Leaving out the pictures, return word for word the stretch of entries below from the line holding "从今日涨跌幅看,跟踪标普石油" through the line holding "узора, чтобы достичь".

# RECORD SET

****************

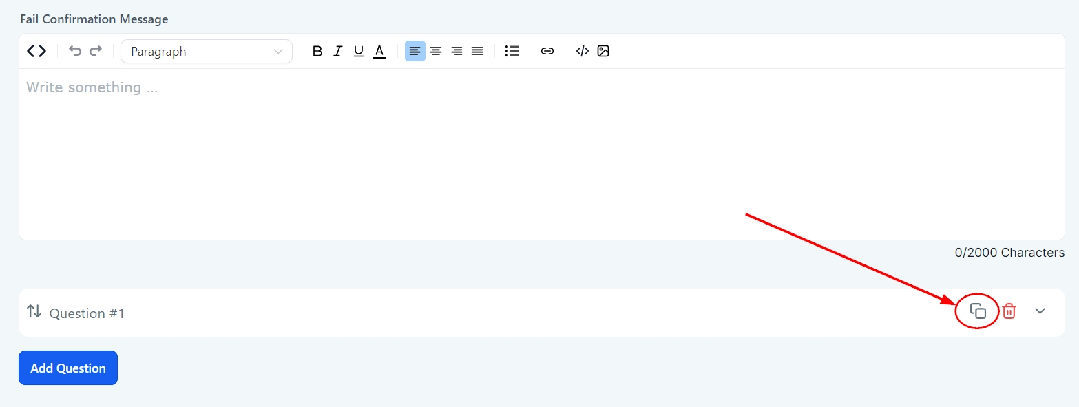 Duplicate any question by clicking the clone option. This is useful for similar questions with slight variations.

****************

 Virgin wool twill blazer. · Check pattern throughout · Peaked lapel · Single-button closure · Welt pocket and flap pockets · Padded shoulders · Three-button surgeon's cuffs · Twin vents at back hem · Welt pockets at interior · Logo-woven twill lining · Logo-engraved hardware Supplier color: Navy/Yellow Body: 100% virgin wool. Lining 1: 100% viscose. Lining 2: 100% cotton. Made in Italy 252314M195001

****************

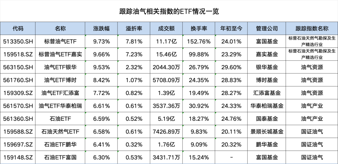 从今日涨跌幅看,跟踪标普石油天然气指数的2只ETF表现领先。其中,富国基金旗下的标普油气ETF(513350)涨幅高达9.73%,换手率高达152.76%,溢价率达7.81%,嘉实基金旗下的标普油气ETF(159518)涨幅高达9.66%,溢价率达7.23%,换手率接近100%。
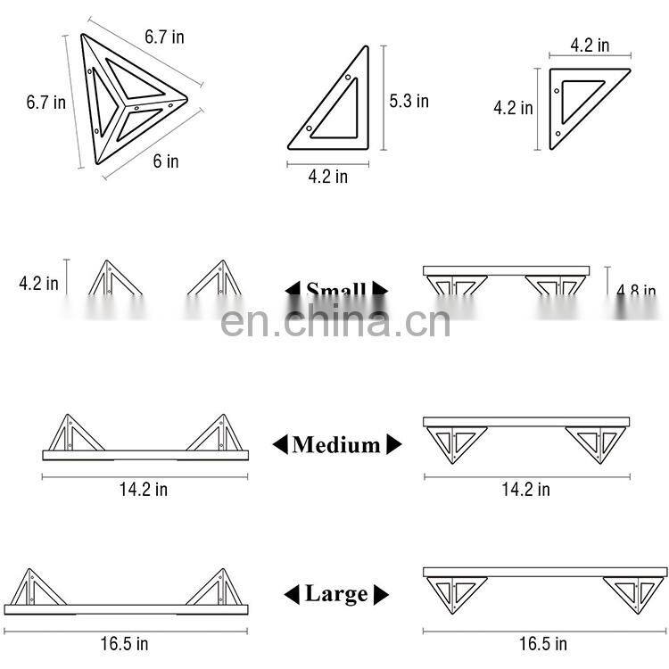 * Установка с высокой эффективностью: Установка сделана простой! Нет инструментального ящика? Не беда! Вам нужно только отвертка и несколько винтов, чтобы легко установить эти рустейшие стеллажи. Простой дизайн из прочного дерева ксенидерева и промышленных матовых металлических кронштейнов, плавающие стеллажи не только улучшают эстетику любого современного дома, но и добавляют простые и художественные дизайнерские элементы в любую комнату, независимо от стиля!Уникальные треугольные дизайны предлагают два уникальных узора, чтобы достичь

****************

# ANSWER SECTION
 从今日涨跌幅看,跟踪标普石油天然气指数的2只ETF表现领先。其中,富国基金旗下的标普油气ETF(513350)涨幅高达9.73%,换手率高达152.76%,溢价率达7.81%,嘉实基金旗下的标普油气ETF(159518)涨幅高达9.66%,溢价率达7.23%,换手率接近100%。
 * Установка с высокой эффективностью: Установка сделана простой! Нет инструментального ящика? Не беда! Вам нужно только отвертка и несколько винтов, чтобы легко установить эти рустейшие стеллажи. Простой дизайн из прочного дерева ксенидерева и промышленных матовых металлических кронштейнов, плавающие стеллажи не только улучшают эстетику любого современного дома, но и добавляют простые и художественные дизайнерские элементы в любую комнату, независимо от стиля!Уникальные треугольные дизайны предлагают два уникальных узора, чтобы достичь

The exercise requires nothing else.